Bias-variance decomposition of overparameterized regression with random
linear features
- URL: http://arxiv.org/abs/2203.05443v1
- Date: Thu, 10 Mar 2022 16:09:21 GMT
- Title: Bias-variance decomposition of overparameterized regression with random
linear features
- Authors: Jason W. Rocks, Pankaj Mehta
- Abstract summary: "Over parameterized models" avoid overfitting even when the number of fit parameters is large enough to perfectly fit the training data.
We show how each transition arises due to small nonzero eigenvalues in the Hessian matrix.
We compare and contrast the phase diagram of the random linear features model to the random nonlinear features model and ordinary regression.
- Score: 0.0
- License: http://creativecommons.org/licenses/by/4.0/
- Abstract: In classical statistics, the bias-variance trade-off describes how varying a
model's complexity (e.g., number of fit parameters) affects its ability to make
accurate predictions. According to this trade-off, optimal performance is
achieved when a model is expressive enough to capture trends in the data, yet
not so complex that it overfits idiosyncratic features of the training data.

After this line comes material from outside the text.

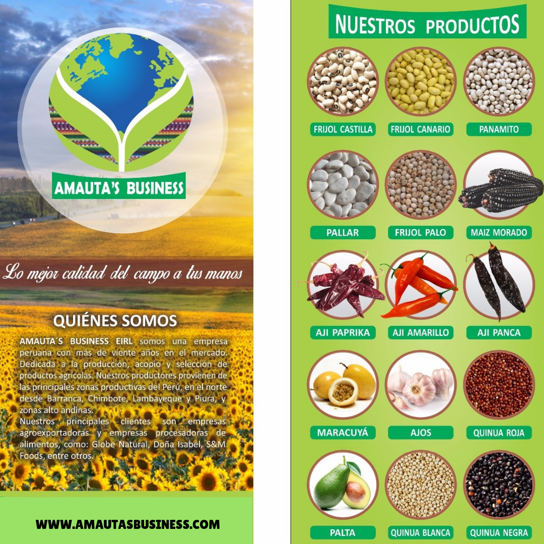 AMAUTA'S BUSINESS EIRL es una empresa peruana dedicada a la producción, acopio y selección de productos agrícolas. Nuestros productos provienen de las principales zonas productivas del Perú, en el norte desde Barranca, Chimbote, Lambayeque y Piura, y zonas alto andinas. Asi mismo, ofrece el servicio de maquila que consiste en la selección y envasado de productos agrícolas provenientes directamente del campo, ofreciendo en todo momento un servicio de acuerdo a las exigencias del mercado nacional e internacional.

Recently, it has become clear that this classic understanding of the
bias-variance must be fundamentally revisited in light of the incredible
predictive performance of "overparameterized models" -- models that avoid
overfitting even when the number of fit parameters is large enough to perfectly
fit the training data. Here, we present results for one of the simplest
examples of an overparameterized model: regression with random linear features
(i.e. a two-layer neural network with a linear activation function). Using the
zero-temperature cavity method, we derive analytic expressions for the training
error, test error, bias, and variance. We show that the linear random features
model exhibits three phase transitions: two different transitions to an
interpolation regime where the training error is zero, along with an additional
transition between regimes with large bias and minimal bias. Using random
matrix theory, we show how each transition arises due to small nonzero
eigenvalues in the Hessian matrix. Finally, we compare and contrast the phase
diagram of the random linear features model to the random nonlinear features
model and ordinary regression, highlighting the new phase transitions that
result from the use of linear basis functions.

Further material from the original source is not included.